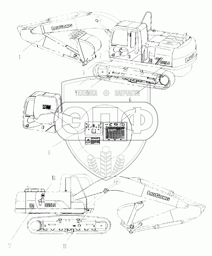 Каталог запасных частей к технике: LiuGong CLG-925. Предупредительные знаки и таблички
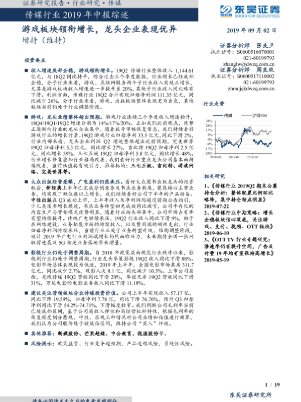 【东吴证券】【20190902】传媒行业2019年中报综述:游戏板块领衔增长,龙头企业表现优异-19页
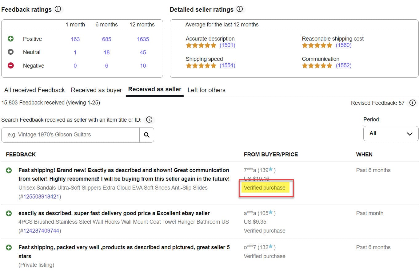 Earlier this month we introduced a change to the eBay mobile app displaying the term “verified purchase” on the feedback page. We are implementing this change on the desktop in the next few weeks.
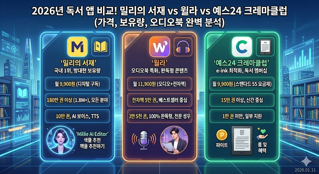 #2026독서앱추천 #밀리의서재가격 #윌라오디오북 #예스24크레마클럽 #전자책구독비교 #이북리더기 #오디오북추천 #새해목표독서 #독서어플비교 #밀리의서재윌라비교 #북클럽추천
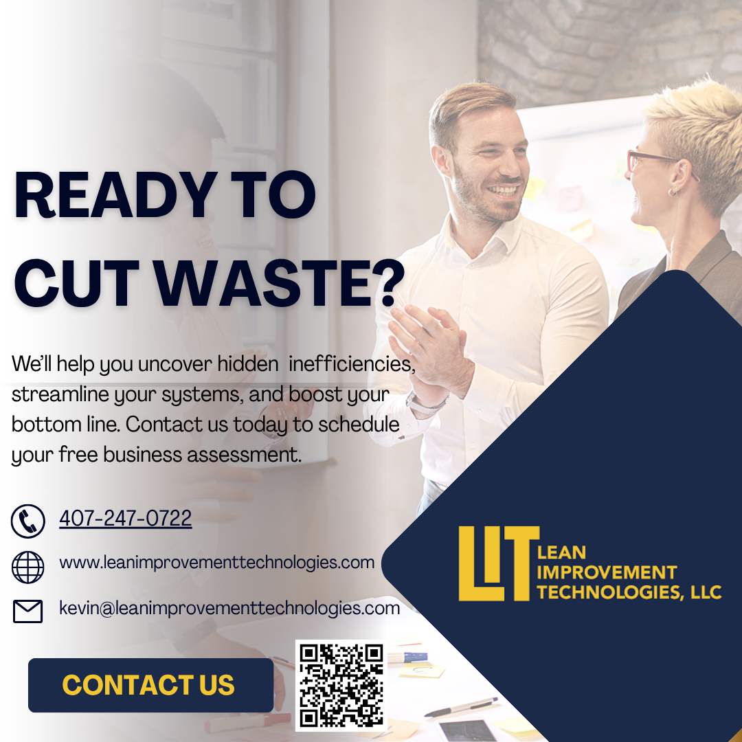 Lean Improvement Technologies (LIT) helps businesses and non-profits maximize efficiency, reduce waste, and increase profitability through proven process improvement systems. Our innovative business solutions combine cutting-edge technologies with creative problem-solving to streamline operations, enhance customer satisfaction, and drive measurable results. At LIT, we identify hidden inefficiencies, recover wasted resources, and deliver customized strategies that unlock new growth opportunities. Whether you’re looking to improve workflows, engage more effectively with your team, or boost your bottom line, Lean Improvement Technologies provides the tools and expertise to transform your organization and achieve lasting success.
---
WHAT NEEDS TO BE DONE: The expected output is the lines from the line that contains "#2026독서앱추천 #밀리의서재가격 #윌라오디오북" through the last line of the material, reproduced exactly, with both ends present and pictures absent.

RESULT:
 #2026독서앱추천 #밀리의서재가격 #윌라오디오북 #예스24크레마클럽 #전자책구독비교 #이북리더기 #오디오북추천 #새해목표독서 #독서어플비교 #밀리의서재윌라비교 #북클럽추천
 Lean Improvement Technologies (LIT) helps businesses and non-profits maximize efficiency, reduce waste, and increase profitability through proven process improvement systems. Our innovative business solutions combine cutting-edge technologies with creative problem-solving to streamline operations, enhance customer satisfaction, and drive measurable results. At LIT, we identify hidden inefficiencies, recover wasted resources, and deliver customized strategies that unlock new growth opportunities. Whether you’re looking to improve workflows, engage more effectively with your team, or boost your bottom line, Lean Improvement Technologies provides the tools and expertise to transform your organization and achieve lasting success.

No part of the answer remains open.